Even Judge Tanya Chutkan, who presided over special counsel Jack Smith’s criminal prosecution of Trump and demonstrated on numerous occasions that she is no friend of Trump’s, could not find sufficient legal grounds to issue an injunction when 14 states claimed that Musk’s position and role were unconstitutional. As she explained, the states were only speculating that they would be harmed. But as a consolation prize, she did expedite the discovery process in their lawsuit. 

That’s not to say that the judges hearing these challenges are not sympathetic to claims that DOGE’s structure or operations somehow raise constitutional flaws. 

Chutkan, for instance, speculated that Musk might need to be Senate-confirmed and pontificated that DOGE represents an unconstitutional power grab by the president. 

At the end of the day, however, such speculation—which lies at the heart of many of these lawsuits—is just wrong. Speculations by a judge are totally inappropriate unless the issue has been raised and briefed by the parties, and the judge has examined all the facts, thoroughly researched the law, and come to a conclusion on the merits—or lack thereof—of the claims being made.

Keep in mind that it was President Barack Obama who launched the U.S. Digital Service, DOGE’s predecessor, in 2014 and appointed a tech engineer who formerly worked for Google to head the team. Even Obama had an Elon Musk—and no one cried foul then. 
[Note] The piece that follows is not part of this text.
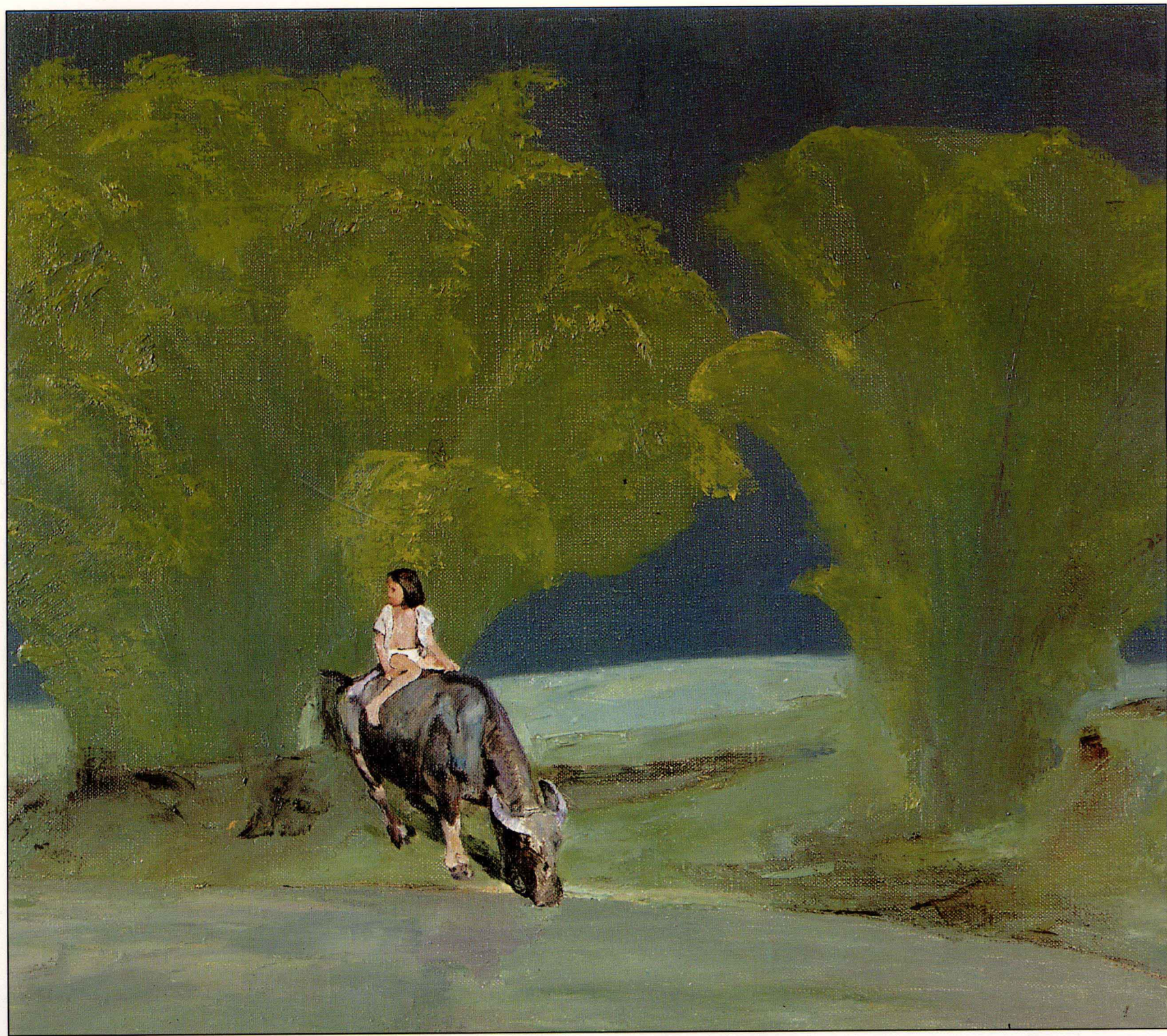
6 童年的梦 油画 75×61cm 艾民有

Trump’s executive order simply renamed the U.S. Digital Service as DOGE and reorganized it within the Executive Office of the President—and a president has complete control over the structure, organization, and staff of his Executive Office. Neither Congress nor any court can tell him what to do within that office.
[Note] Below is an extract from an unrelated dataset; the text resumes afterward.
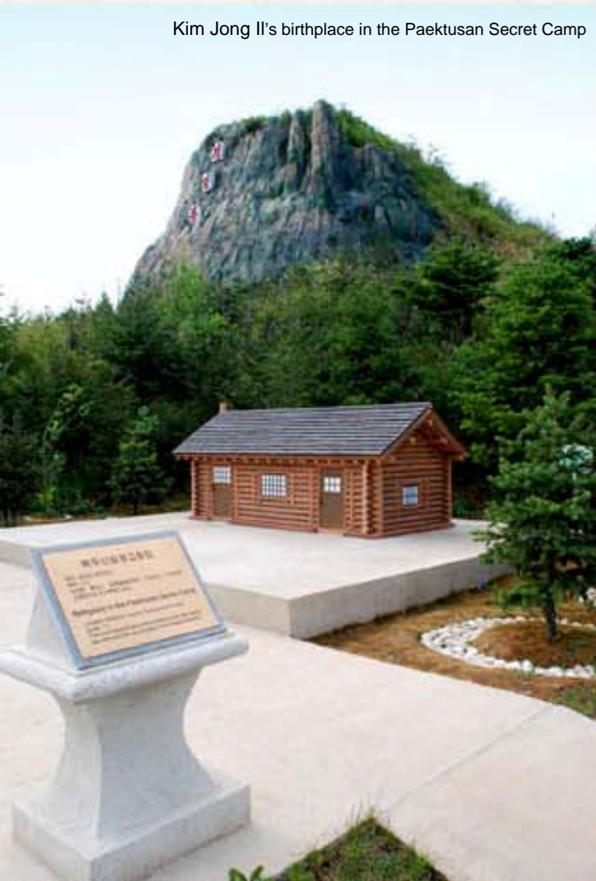
Kim Jong Il's birthplace in the Paektusan Secret Camp

Aside from that realpolitik observation, Musk isn’t an officer requiring Senate confirmation. Obfuscating rhetoric aside, Musk has no actual power to change or cancel contracts, terminate or halt spending, or create any regulation. He is simply an unofficial adviser to the president with no executive authority of any kind. All he can do is make recommendations—which, as Trump reminded his Cabinet during their first meeting, agency officials can reject. 

It is Trump who is vested with the authority under Article II of the Constitution to carry out Congress’ legislative mandates. Thus, he has a constitutional obligation to ensure that bureaucrats inside the executive branch are complying with statutory requirements and that taxpayers are getting the most bang for their buck.

On top of that, the president has inherent constitutional authority to instruct executive officials to gather whatever information is needed to carry out those duties, unless there is a specific statute that limits the president’s authority, is within the constitutional bounds of congressional authority, and does not violate the president’s constitutional position as the head of the executive branch.  

The notion that federal agencies should police themselves and that the president has no authority to do that (or to receive advice on how to do that from anyone he wants) is nonsense. It is fundamentally contrary to the constitutional mandate that the buck stops with the president. 

That’s why Trump doesn’t need Congress to pass a law authorizing DOGE to do its work. He has inherent constitutional authority as the chief executive to ensure that federal agencies are following the law. 

At bottom, Trump can authorize Musk and DOGE to do what he simply cannot because of time and resource constraints on him. To argue otherwise is to suggest either that the president can be barred from ensuring that the laws be faithfully executed or that the chief executive must be omniscient. Neither is tenable—and the former is unconstitutional. 

Opponents of reform have retreated to the citadel of judicial activism in a last-ditch attempt to cripple the now-underway restoration of America’s political institutions. But contrary to their claims, DOGE is bringing much-needed sunlight to the swamp of bureaucracy that is the federal government today. And it is doing so well within the legal boundaries set by the Constitution

We can only hope that more unelected judges recognize that fact and stop acting like an imperial judiciary that can override the elected leader of the country.